* _WHAT IS EXPECTED_: Skip the pictures. Quote every line below, exactly, from the one with "Спряжение durchrennen (пробежать, обегать)" through the final line.

* _DATA SEGMENT_:
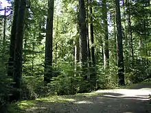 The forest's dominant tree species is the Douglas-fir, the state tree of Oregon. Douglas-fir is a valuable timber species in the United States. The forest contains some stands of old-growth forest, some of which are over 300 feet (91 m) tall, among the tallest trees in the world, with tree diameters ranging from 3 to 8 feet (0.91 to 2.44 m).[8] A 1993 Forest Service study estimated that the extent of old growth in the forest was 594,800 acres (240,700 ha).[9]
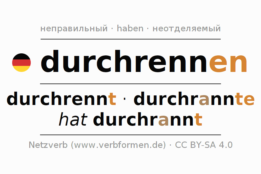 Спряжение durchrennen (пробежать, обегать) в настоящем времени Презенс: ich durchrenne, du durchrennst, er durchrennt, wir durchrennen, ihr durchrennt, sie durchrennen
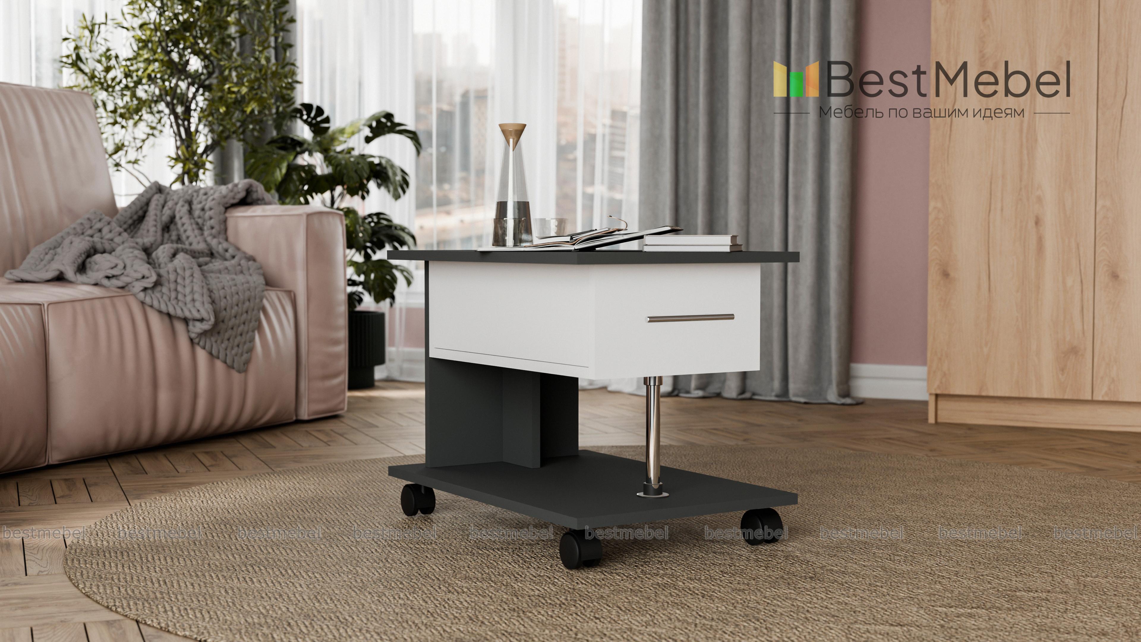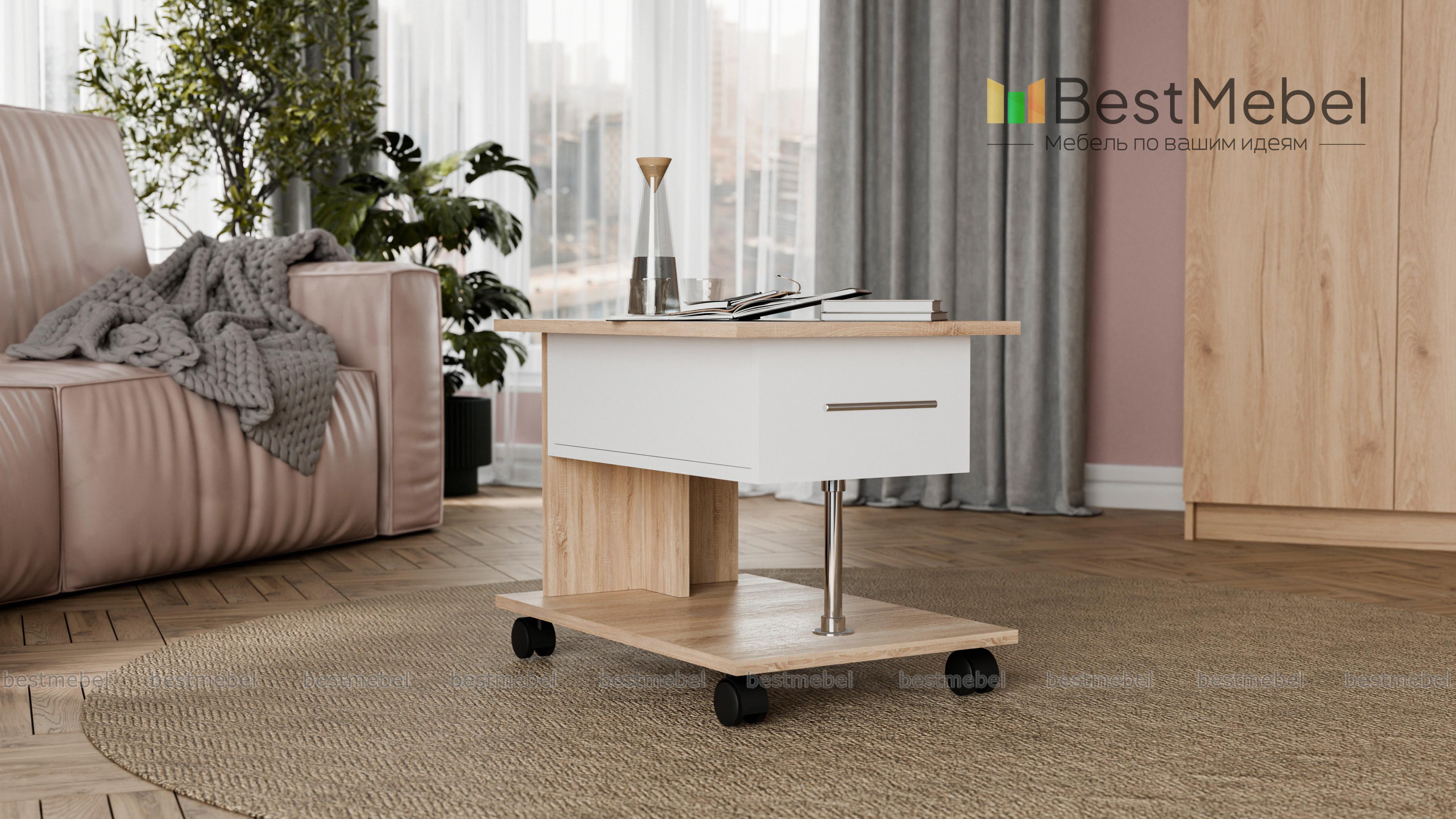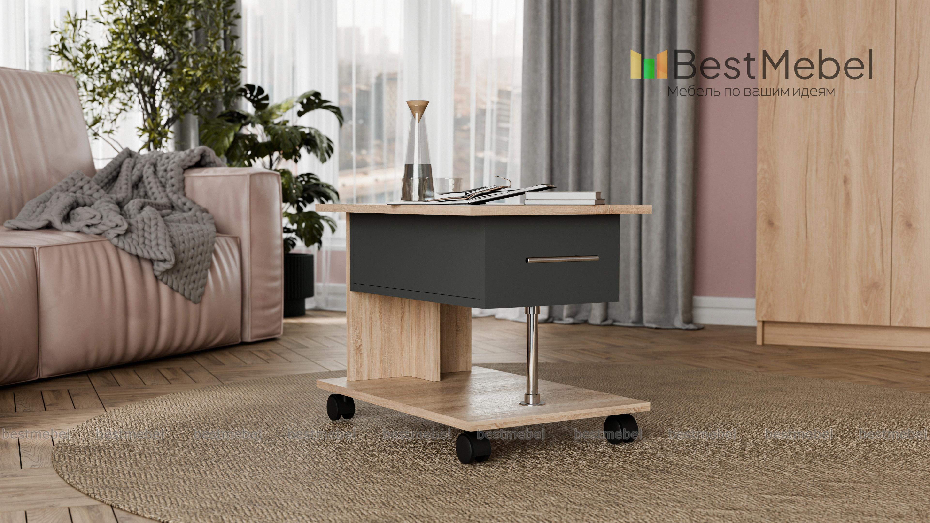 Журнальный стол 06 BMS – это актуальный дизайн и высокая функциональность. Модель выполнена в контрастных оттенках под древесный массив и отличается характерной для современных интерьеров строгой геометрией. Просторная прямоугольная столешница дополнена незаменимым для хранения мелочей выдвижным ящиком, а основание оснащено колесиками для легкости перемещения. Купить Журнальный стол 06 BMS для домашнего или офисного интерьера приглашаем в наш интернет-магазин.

* _SOLVED PROBLEM_:
 Спряжение durchrennen (пробежать, обегать) в настоящем времени Презенс: ich durchrenne, du durchrennst, er durchrennt, wir durchrennen, ihr durchrennt, sie durchrennen
 Журнальный стол 06 BMS – это актуальный дизайн и высокая функциональность. Модель выполнена в контрастных оттенках под древесный массив и отличается характерной для современных интерьеров строгой геометрией. Просторная прямоугольная столешница дополнена незаменимым для хранения мелочей выдвижным ящиком, а основание оснащено колесиками для легкости перемещения. Купить Журнальный стол 06 BMS для домашнего или офисного интерьера приглашаем в наш интернет-магазин.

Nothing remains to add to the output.